Hubo un tiempo en que los antiguos griegos se sentían tan únicos, tan suficientes, o tan dueños del mundo para ellos conocido, que empleaban el verbo hellenitsein –literalmente, hablar en heleno, en griego- para referirse a hablar a secas, como si las ideas de hablar meramente y de hacerlo en griego fueran una y la misma, indisociables. Y también empleaban el verbo barbaritsein –literalmente, hablar en bárbaro, en extranjero- con el significado de farfullar o tartamudear, es decir, de lo que no llegaba a ser propiamente hablar. Y a veces olvidamos que en uno de los más antiguos textos sobre las lenguas, el Viejo Testamento, su diversidad es presentada como algo antinatural y una maldición: el castigo de Yavé a los hombres por su soberbia, cuando quisieron erigir una torre tan alta que tocara el cielo, la de Babel. Y a su vez, en el Nuevo Testamento, la capacidad de los apóstoles para ser entendidos en todas las lenguas aunque ellos siguieran hablando sólo la suya, tras la favorecedora visita del Espíritu Santo en Pentecostés, se aparece no sólo como milagro, sino como una enorme ventaja y una bendición (traducción simultánea sin intermediarios ni esfuerzo). Supondría, digamos, la anulación momentánea y tardía de aquel castigo de Babel, según el cual –hay que deducir-, en el orden natural de las cosas había una sola lengua, y la aparición y existencia de varias habría sido concebida como tremenda maldición: la condenación a no entenderse los unos a los otros, a no poder comunicarse, al fin y al cabo el verdadero objeto de cualquier idioma.

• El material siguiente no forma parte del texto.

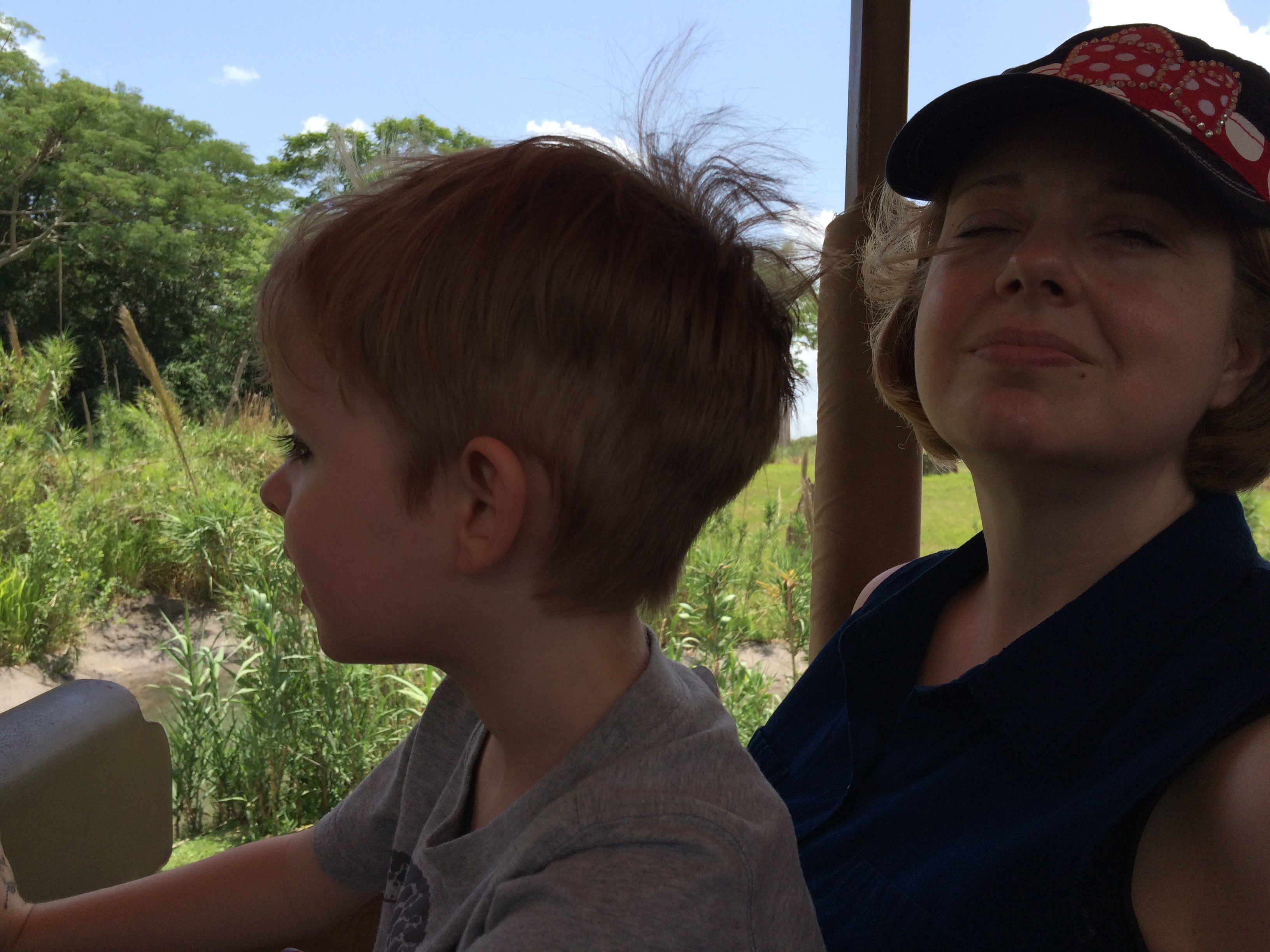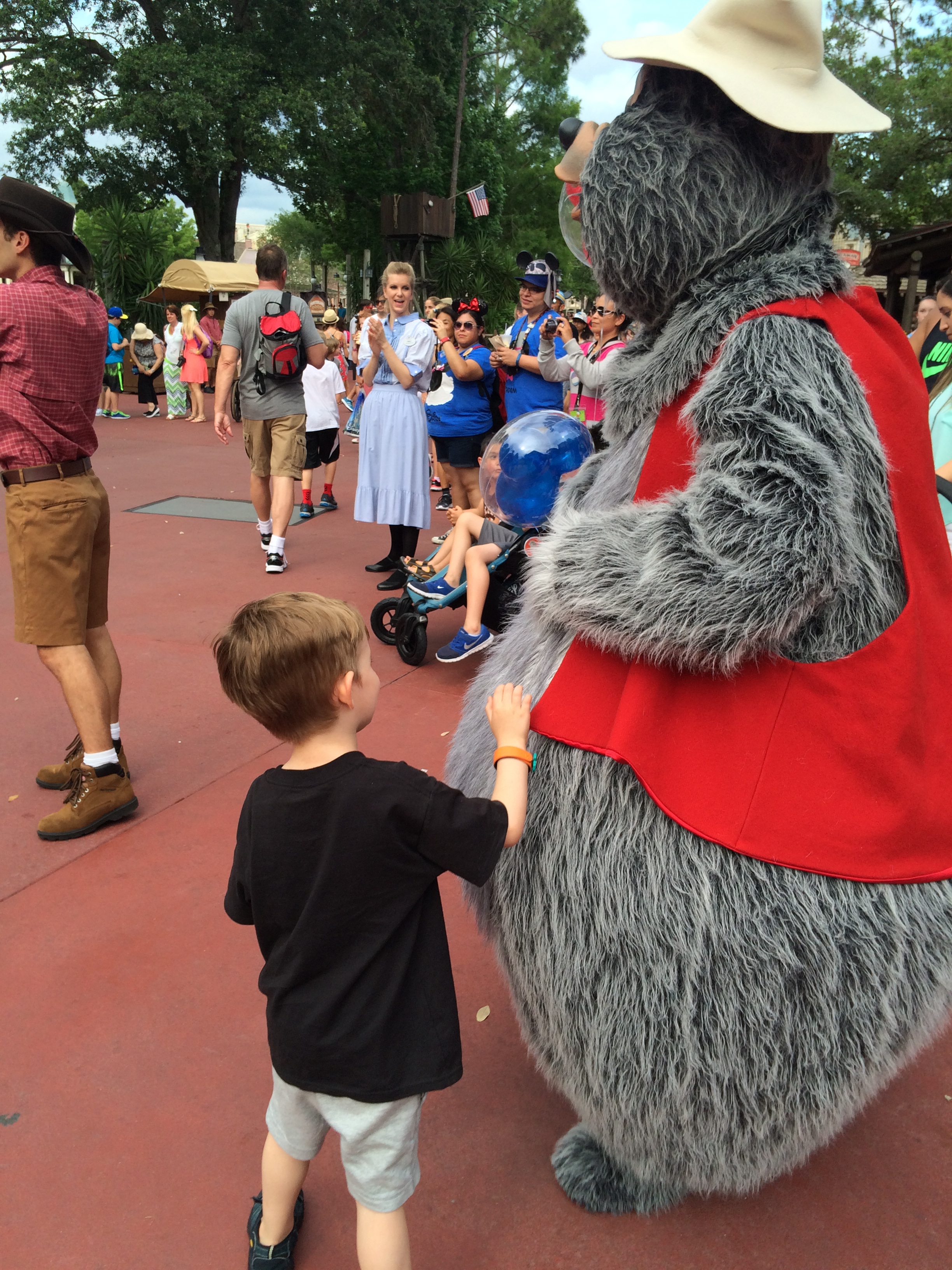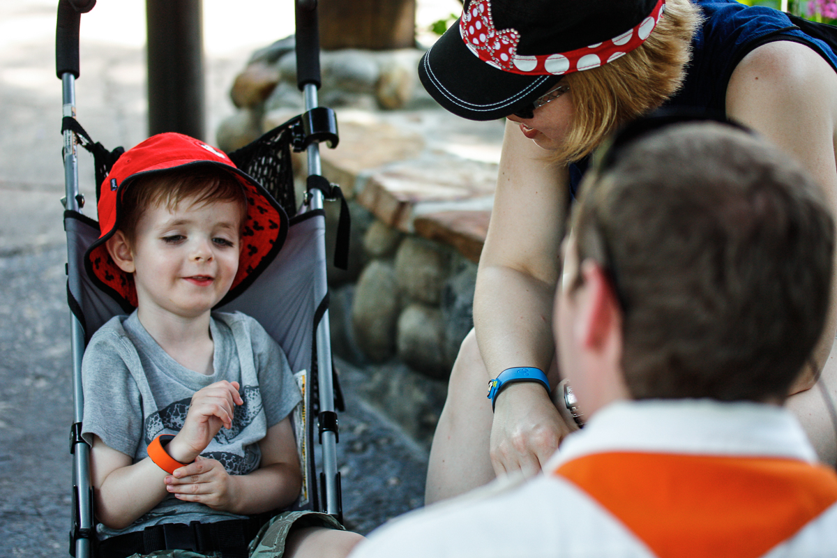 And this was Animal Kingdom Day. When we got there, because you couldn’t scan your magicband multiple times you had a bit of a fit. It was hard to get your attention until we went to Kilimanjaro. You weren’t allowed to ride the Expedition Everest, but the yeti images and colorful flags seemed to distract you well enough. And we finally got you interested in the Wilderness Explorer badges that were all over the park.
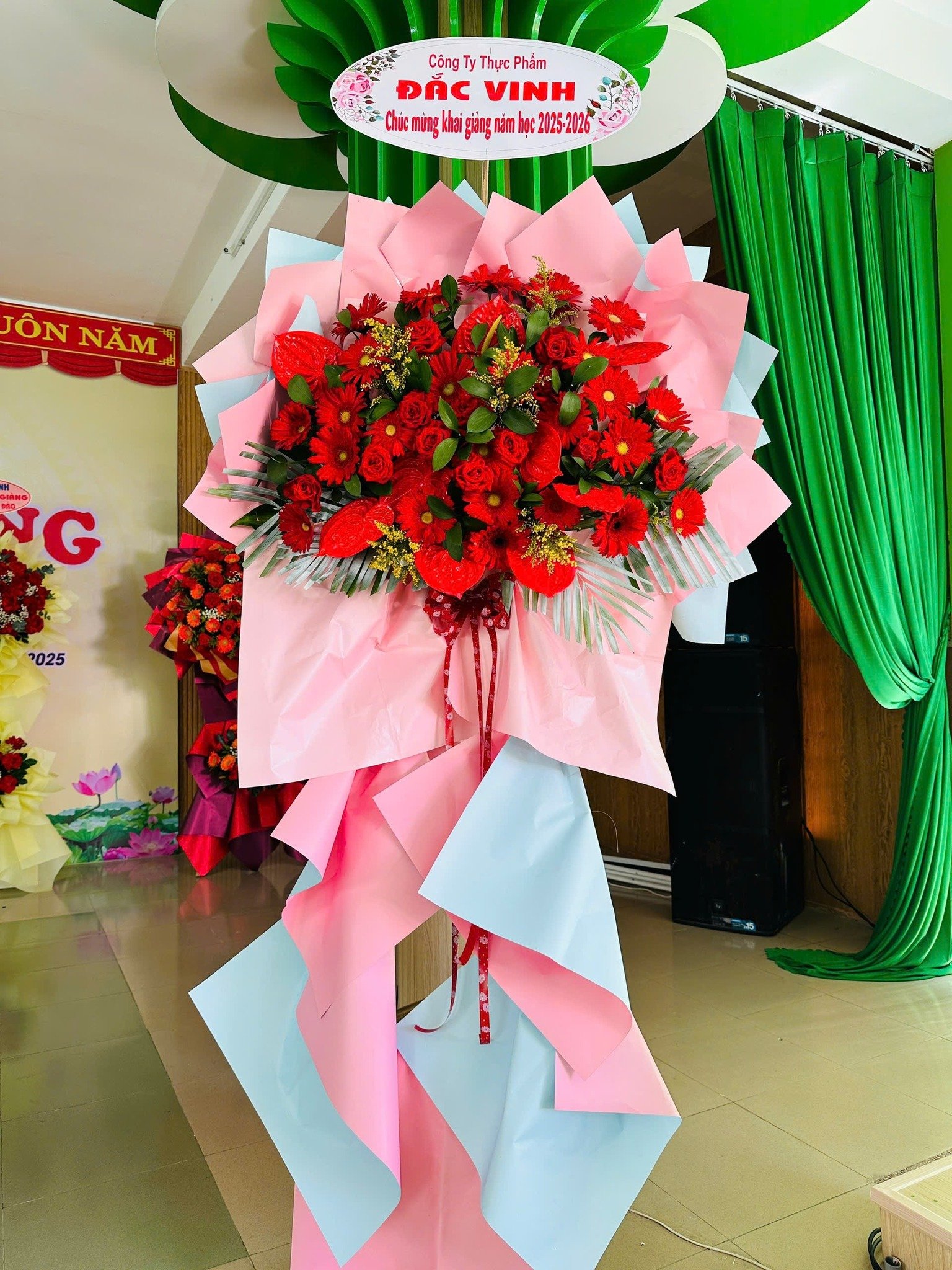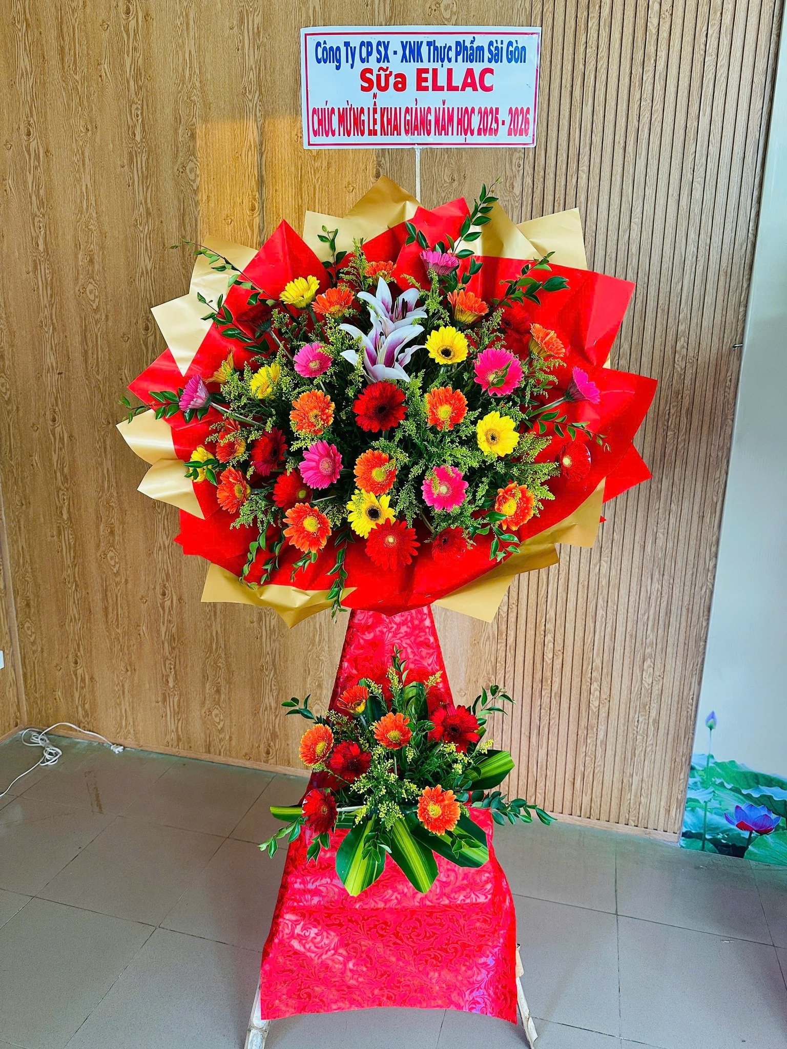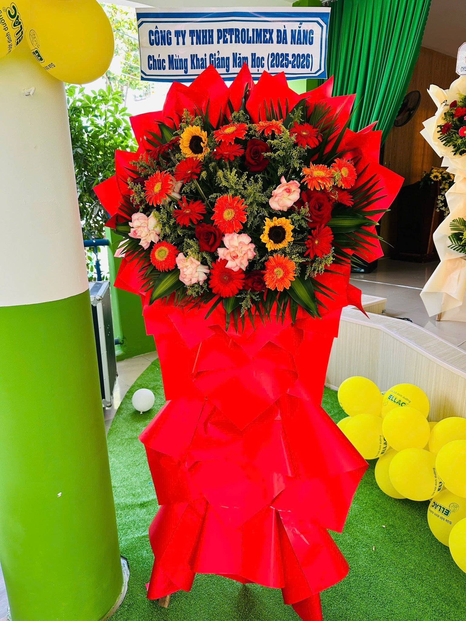 Sân trường rực rỡ hơn bao giờ hết với những lẵng hoa tươi thắm, mang theo lời chúc mừng và niềm tin yêu dành cho thầy cô và các bé.
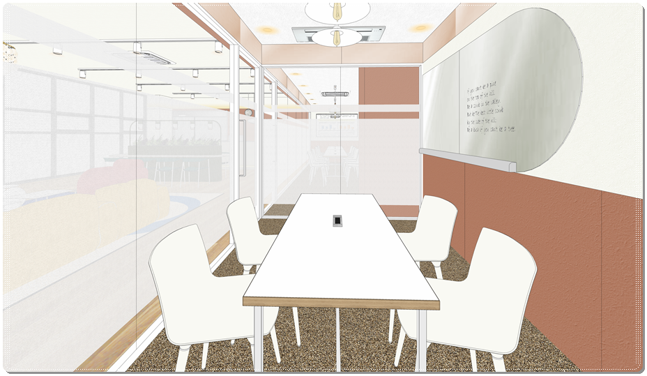 가벽으로 완벽히 분리된 회의실입니다. 외벽을 제외한 모든 벽면을 유리 가벽으로 계획해 개방성과 연장성을 부여함으로써 확장된 하나의 공간처럼 느껴져 답답하지 않고 쾌적한 느낌이 들도록 했습니다. 벽면은 화이트를 메인으로하고 하단을 분리해 우드톤이나 그레이톤으로 컬러를 다르게 해 안정감을 주었고 메인 조명은 눈이 피로하지 않은 색감을 사용했으며 벽면에 미러보드를 시공해 공간을 넓어 보이게 하면서 편의성도 높였습니다.
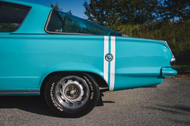 The exterior is a feast for the eyes, with a gorgeous Turquoise paint job that highlights the car\'s sleek lines. Painted bumpers and headlight bezels add to the clean, customized look, while dual mirrors and Rallye wheels with BF Goodrich radial tires complete the classic aesthetic. Underneath, the car is just as clean, with a spotless undercarriage that speaks to the care and attention to detail this Barracuda has received.
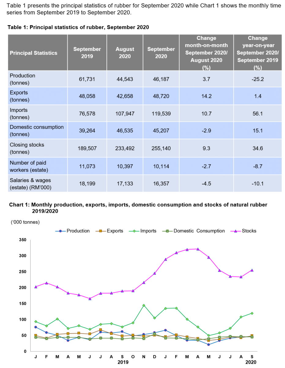 Production of natural rubber increased 3.7 per cent in September 2020 to 46,187 tonnes as compared to 44,543 tonnes in the previous month. Meanwhile, compared to the same month in the previous year, it recorded a decrease of 25.2 per cent.
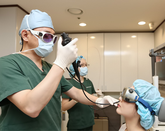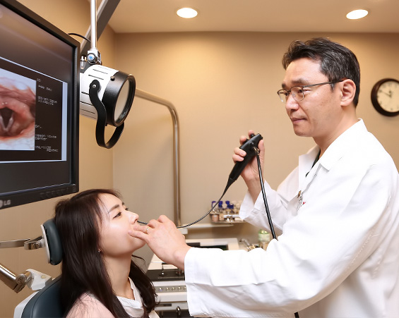 확인하기 위해 코를 통해 후두내시경을 시행하여 질환을 확인합니다.
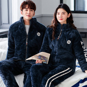 冬季长毛加绒加厚三层保暖夹棉女睡衣珊瑚情侣家居服超...
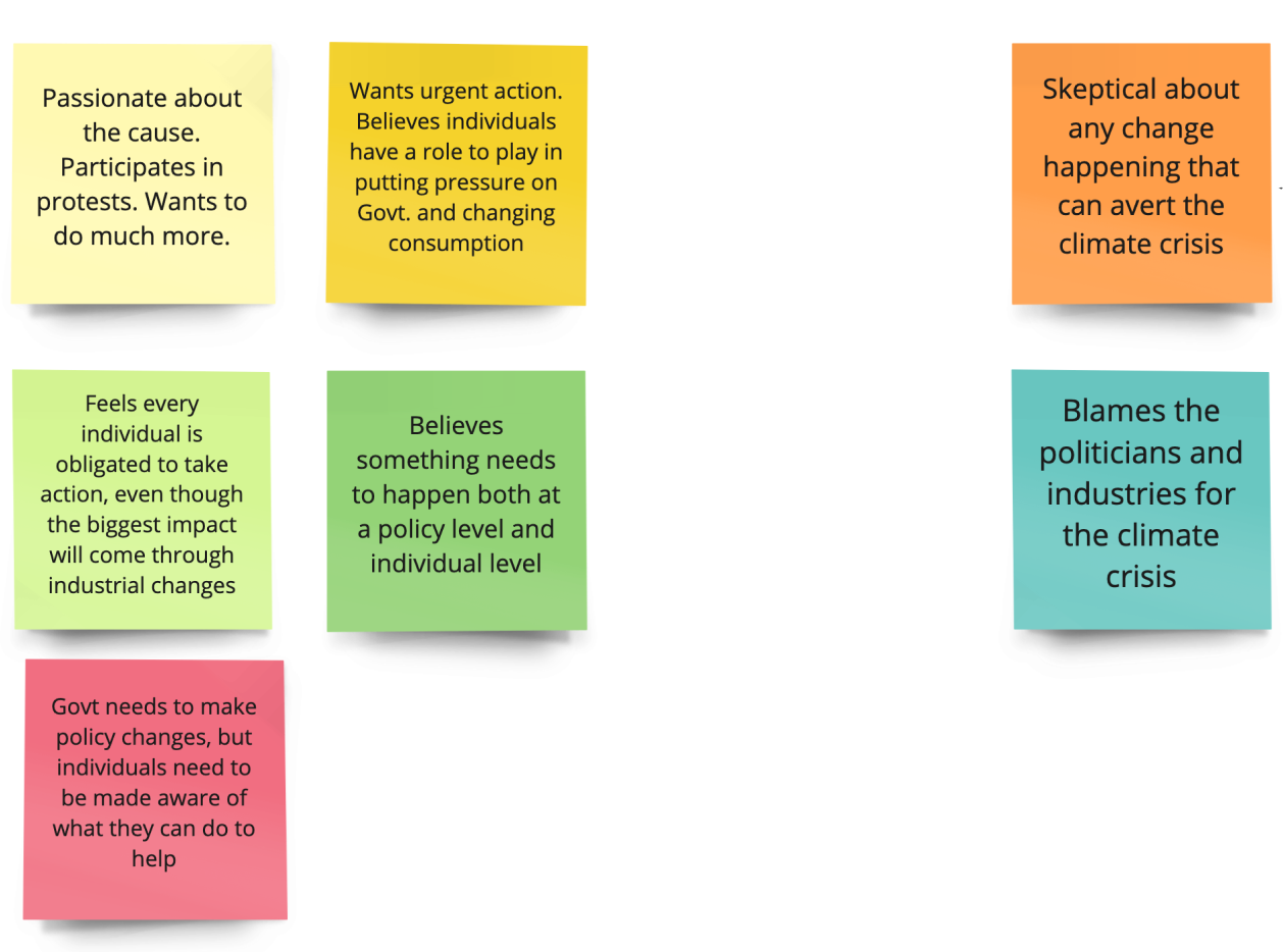 To dig a little deeper and get more insights into the general attitudes towards Climate Change, an open card sort research method was implemented to:
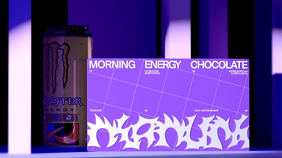 DEADLINE — утренний шоколад с низким содержанием сахара и пробуждающими вкусами. Чтобы проснуться не только телом, но и разумом. Цель бренда влиять на жизни людей с самого утра и быть ярче, чем все конкуренты, популяризируя их яркое и нестандартное решение с экзотическими добавками.
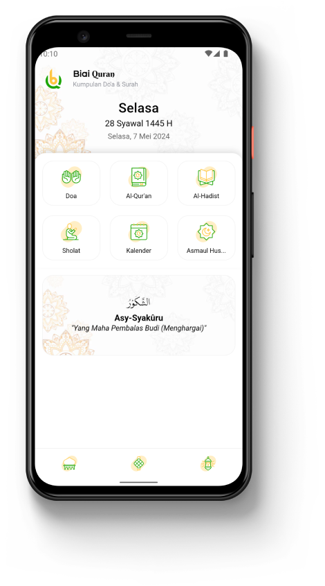 Biai Qur'an menyediakan kumpulan doa-doa harian, lengkap dengan latin dan terjemahaannya.
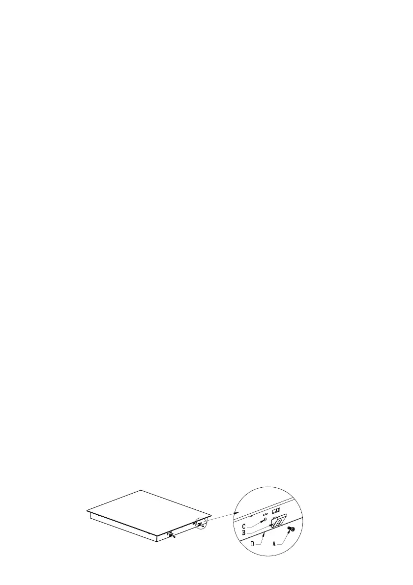 • Se a placa está instalada por cima de uma gaveta ou espaço de armário, foi
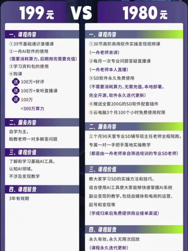 李一舟AI课的对比介绍 图源 / 受访者供图
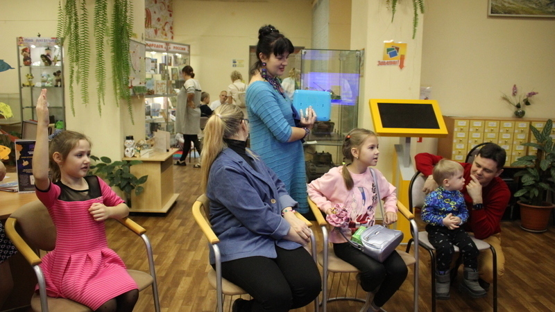 Здесь родители вместе детьми с удовольствием отвечали на серьёзные и шуточные вопросы о сказочных и вполне реальных мамах, об их профессиях, увлечениях. Азартно угадывали фрагменты из музыкальных произведений и анимационных фильмов, успешно расшифровали секретное послание для всех мам, написали его на бумажных сердечках и подарили своим мамам.
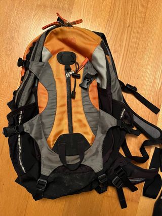 Mochila de montaña. - Color gris y amarillo. - Compartimento principal amplio. - Correas acolchadas y ajustables. - Cinturón lumbar para mayor comodidad. - Ajustable según tamaño de la S a la XL Compartimentos externos: 1 bolsillos superior 2 bolsillos laterales + 2 bolsillos de rejilla, abiertos 2 bolsillos inferiores: uno paea calzado y otro para el impermeable el cual va ligado a la mochila con una cinta elastica 1 bolsillo al cinturón Compartimentos internos: Espacio de gran capacidad de almacenaje Bolsillo abierto a la espalda Mantiene sus broches, correas, tirantes y cremalleras. Con desgastes de tonificación por su us
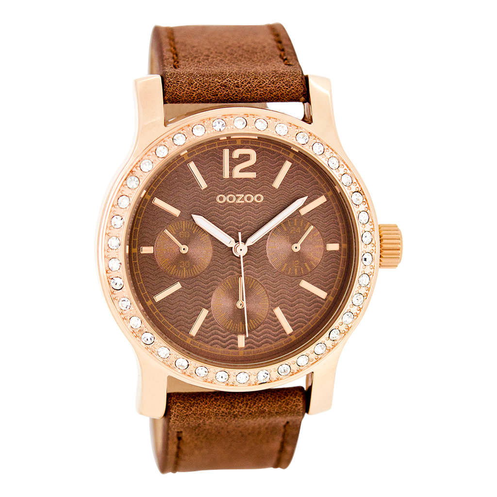 OOZOO Montre en couleur or rose avec bracelet en cuir en sable - C7613

La lengua o las lenguas, parece olvidarse hoy a menudo, son sobre todo un medio, una herramienta, un instrumento, un vehículo de transmisión al servicio de lo que se quiere transmitir. Hoy, en algunos lugares, se las trata en cambio como si fueran “la cosa misma”, lo esencial, lo sagrado, lo que define y determina el resto. Viene a ser esta actitud como sacralizar y adorar los pies porque son lo que nos permite desplazarnos y caminar, cuando lo importante es llegar, no aquello de que nos valemos para lograrlo, y que puede ser sustituible. Tan ridícula, así, es la exaltación del castellano como del euskera, el catalán o el gallego, del francés o el alemán o el inglés. Ninguna lengua es “mejor” que otra, excepto en su funcionalidad para lo que cuenta, comunicarse, o –si acaso- en virtud de lo que nos ha ido dejando literariamente. Pero ni siquiera la lengua en que fue escrito es lo más decisivo para la existencia de un libro magnífico, y prueba de ello, entre muchas otras, son las traducciones.
En un país en que –justa o injustamente, por razones históricas legítimas o ilegítimas- resulta que una de sus lenguas sirve para que todos se entiendan y facilitar nuestra intelección, es disparatado y fatuo ponerle cortapisas o intentar arrinconarla.